Philip Durham Bird Pyrotechnics and Polemics

April 23, 2010

Poetry of the future and poetry of the now is inevitably linked to cyberspace. The artist gains an exponential extension to reach his audience no longer the circle of his friends or the hot mic at the slam or reading. The artist now can reach millions. The artist will require some kind of technical instrumentation a technological artifice incorporated into his performance in order to do something new with words, give them a virtual or real physicality and tactility. ***Imagine an Augmented Reality tour of Tintern Abbey, with Wordsworths words and perhaps a recording floating about in your view-space and aural-space, as you scamper over green hills and ruins.
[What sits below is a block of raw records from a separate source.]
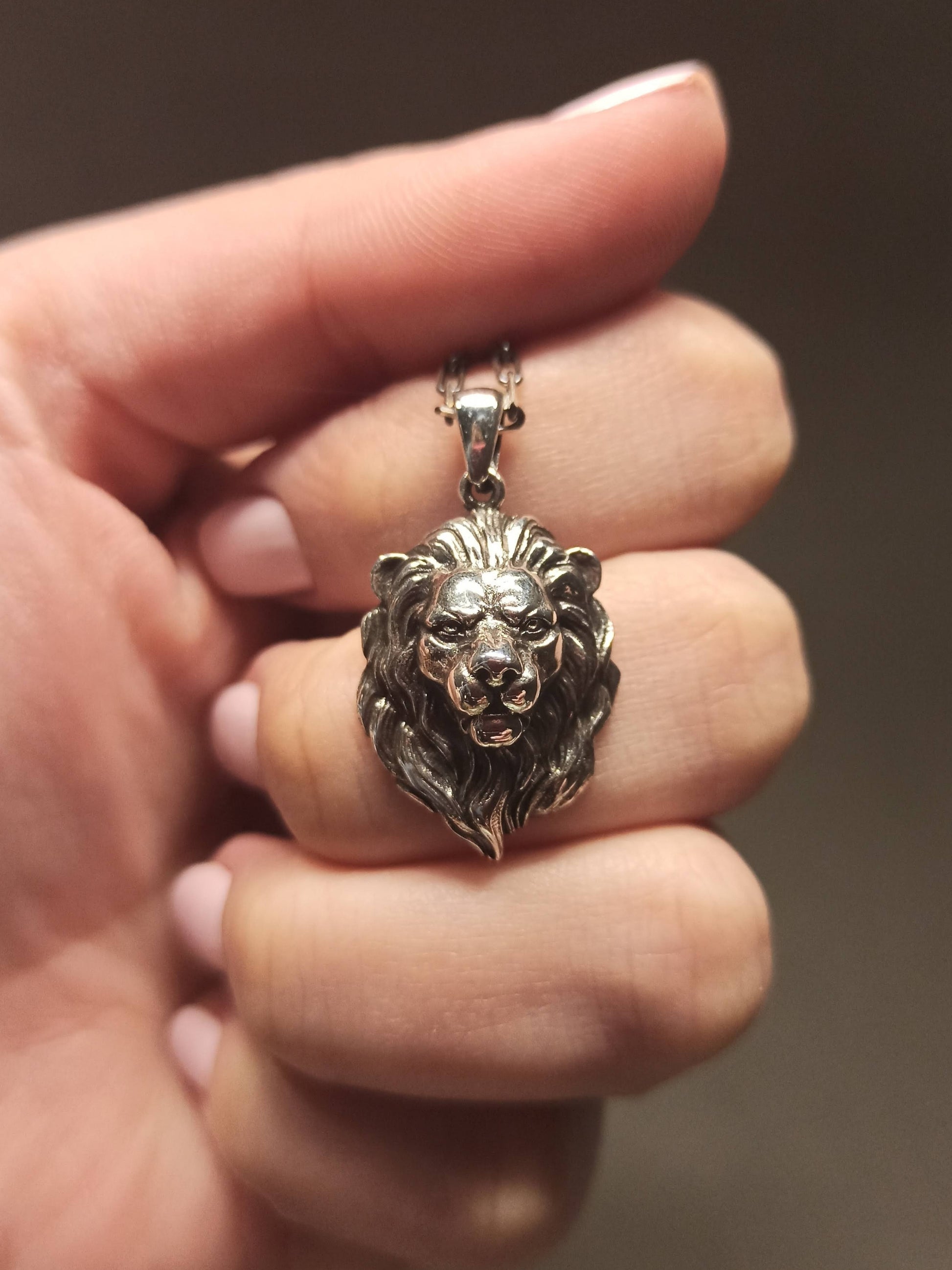 Bu aslan başı erkek kolye, gücün, cesaretin ve liderliğin sembolüdür.
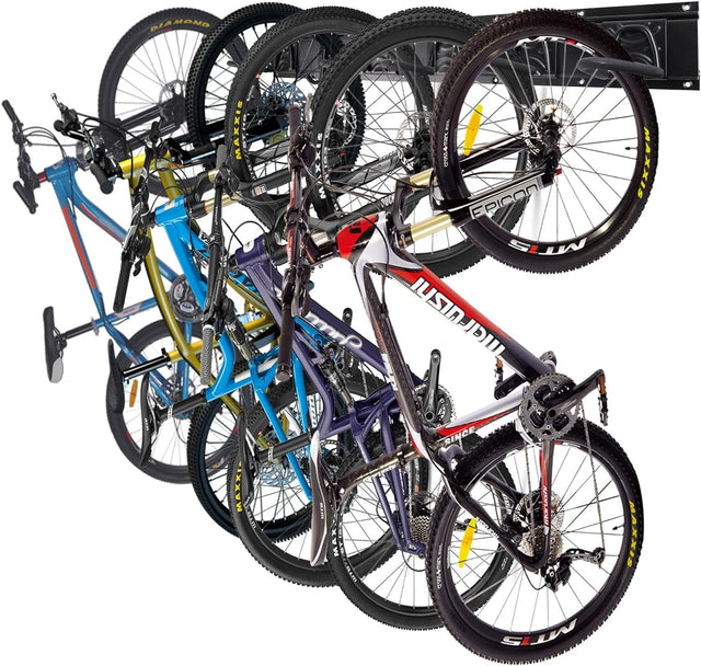 Bike Storage Rack, 6 Bike Racks and 6 Helmets Hooks, Wall Mounted Bike Storage Rack, Max capacity 600lbs
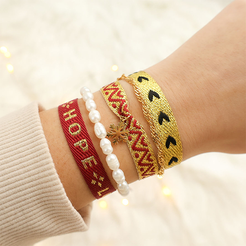 Lint met tekst "love faith hope" Red-gold

Artifice and tech in Spoken Word will at some point include a measure of interactivity with the audience, greater than simple transmission and reception one can imagine a kind of programmed poetry, triggered by text events, interactions in a physical space, or even touch, eye contact, smells, vocalizations of the audience, generated through programming. The importance of visualization is paramount as the primary sensory device of reception by the user/viewer/audience, whether it is through seeing a performer speak, to seeing how sounds interact synesthaesically with visual objects, from the most simplistic artifice of subtitles, to more complex and generative interactions. Spoken Word is in an undiscovered country, and it is limited only by the imagination and competence of its performers.